Bridge in Louisiana, United States

The Calcasieu River Bridge, or the Pistol bridge officially named the Louisiana Memorial World War II Bridge in June 1951 is an arched cantilever, rivet-connected Warren through truss (main span) located on Interstate 10 between Lake Charles, Louisiana, and Westlake, Louisiana. It was the only major bridge in Lake Charles, until the construction of the Lake Charles Loop with the I-210 Calcasieu River High Bridge completed in 1962. It was built under the administration of Gov. Earl K. Long and opened in 1952. It has decorative iron work with crossed guns integrated into the railings. The I-10 Bridge was originally built as the U.S. Hwy 90 bridge and later was grandfathered into Interstate 10.
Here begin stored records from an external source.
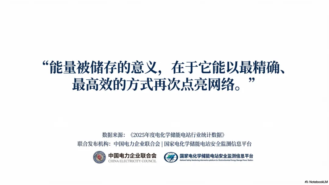 2026年3月中国电力企业联合会与国家电化学储能电站安全监测信息平台发布2025年度中国电化学储能行业的发展状况。报告指出,该行业呈现爆发式增长,累计装机容量较“十三五”末增长超40倍,且技术应用以磷酸铁锂电池及百兆瓦级大型电站为主。报告深入分析了储能电站在电源侧、电网侧及用户侧的运行效率、调度利用小时数及区域分布差异。此外,报告还关注了电站的可靠性与安全性,指出非计划停运多由设备质量引发。最后强调,储能行业的未来竞争核心将聚焦于电站自身的能效表现与性能优化。
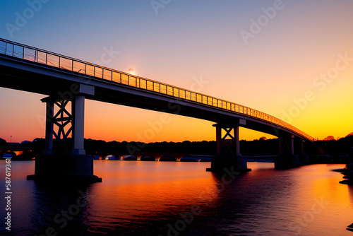 Naklejka premium Bridge Over River Against Sky During Sunset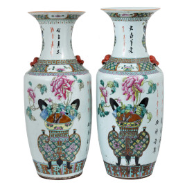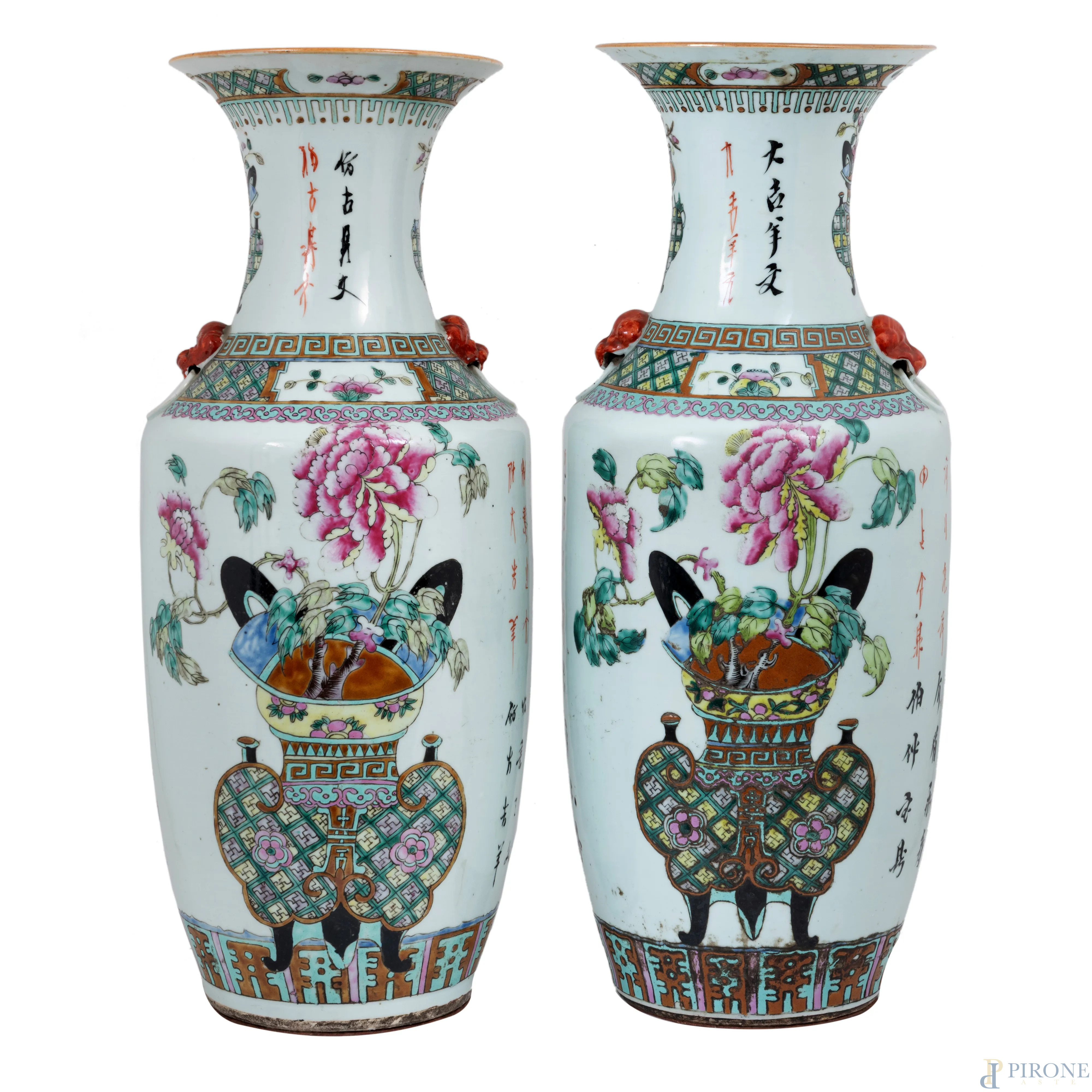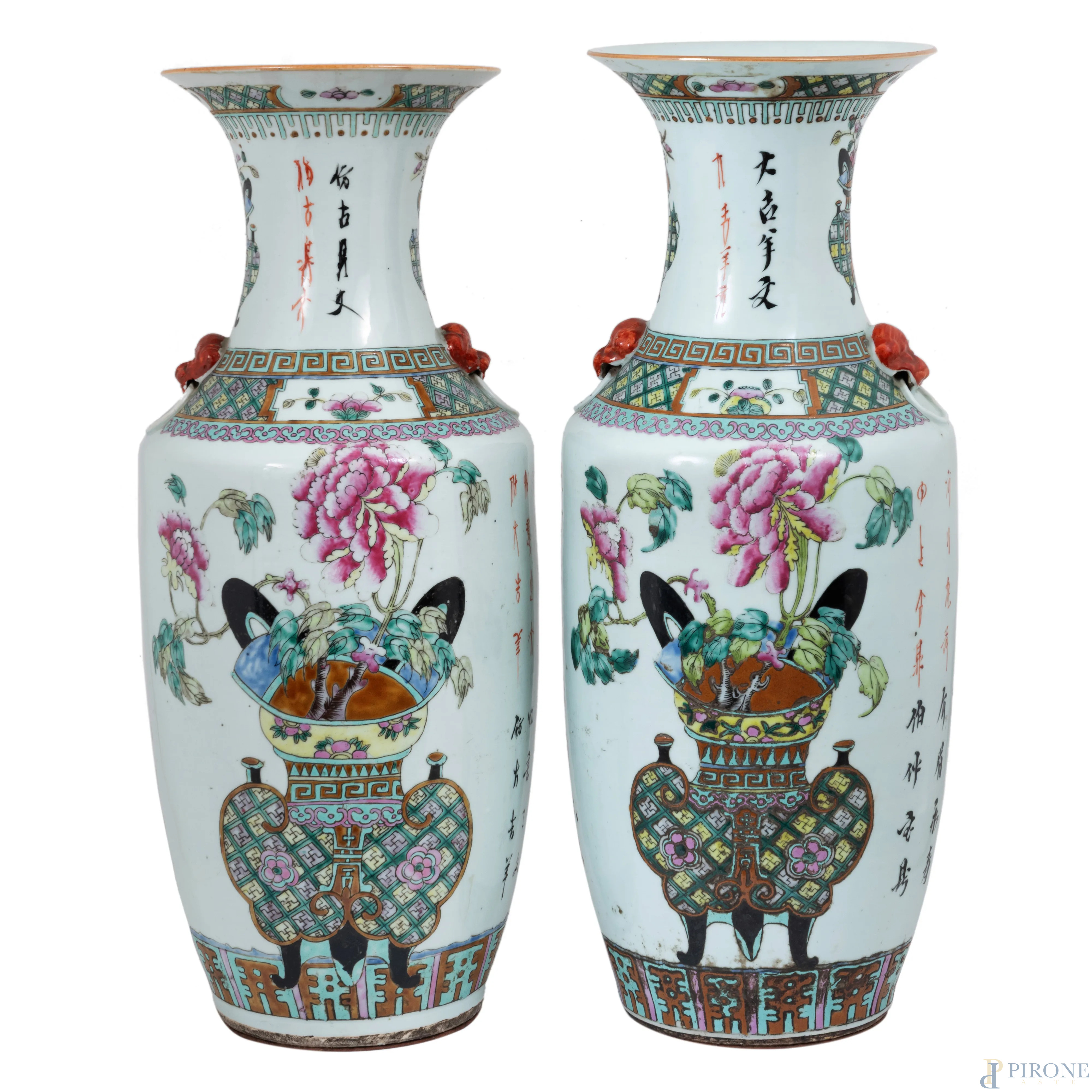 Coppia di vasi in porcellana cinese policroma decorata a motivi floreali, geometrico e ideogrammi, XX secolo, altezza massima cm 59, (segni di usura, difetti di cottura)

The bridge has been rated structurally deficient by the Department of Transportation but was declared safe by the Louisiana Department of Transportation and Development (DOTD). There are plans to replace the bridge and improve the Westlake exit.

==History==
Construction began in 1948
, as part of U.S. Route 90 in Louisiana, and was completed in 1952. The bridge was built before the Interstate Highway System, and included pedestrian walkways that are forbidden on interstate highways, so the bridge is also rated as functionally obsolete. Before the bridge was built, U.S. 90 traffic crossed the Calcasieu River over a draw bridge located by the Port of Lake Charles on Shell Beach Drive, which runs around the south side of the lake. The remnants of the old bridge can still be seen at the end of Shell Beach Drive by the Port.

==Condition==
The I-10 bridge has been listed by the National Bridge Inventory (NBI) as Structurally Deficient with a rating of 3 and a Sufficiency Rating of 9.9 out of 100. Louisiana has 12,684 bridges with 1,423 (11.2%) listed as SD. It was reported in March 2017 that the sufficiency rating has dropped to 6.6 out of 100

The Federal Highway Administration (FHWA) and the Louisiana Department of Transportation and Development (LA DOTD) initiated a proposed project to replace the bridge in 1999. A feasibility study for the project was completed in 2002 with a projected cost of $450 million.

==Rating==
As an indication of the bridge rating, a zero means that a bridge is closed. The rating of 1 is not used. The rating for the Calcasieu River Bridge has dropped significantly from 1992 to 2010. The 1992 report listed the deck condition as poor (4 out of 9), the superstructure condition as fair, with a 5 out of 9, an evaluation of structurally deficient, and a sufficiency rating of 40.9. In 2010, the deck condition was 4 out of 9 (the same), the superstructure condition was rated as serious (3 out of 9), the substructure condition was rated as serious (3 out of 9), and a sufficiency rating of 9.9 was assigned. These ratings evidence is a drastic drop in all but one area. The majority of heavy traffic SD bridges have a sufficiency rating of 50 or better. The I-35W Mississippi River bridge had a sufficiency rating of 50 in 2005, was listed again as "structurally deficient" and in possible need of replacement, and had ongoing repairs to include overlay, lighting, and guardrails, before falling in August 2007. A contributing factor has been attributed to the extra weight caused by the construction.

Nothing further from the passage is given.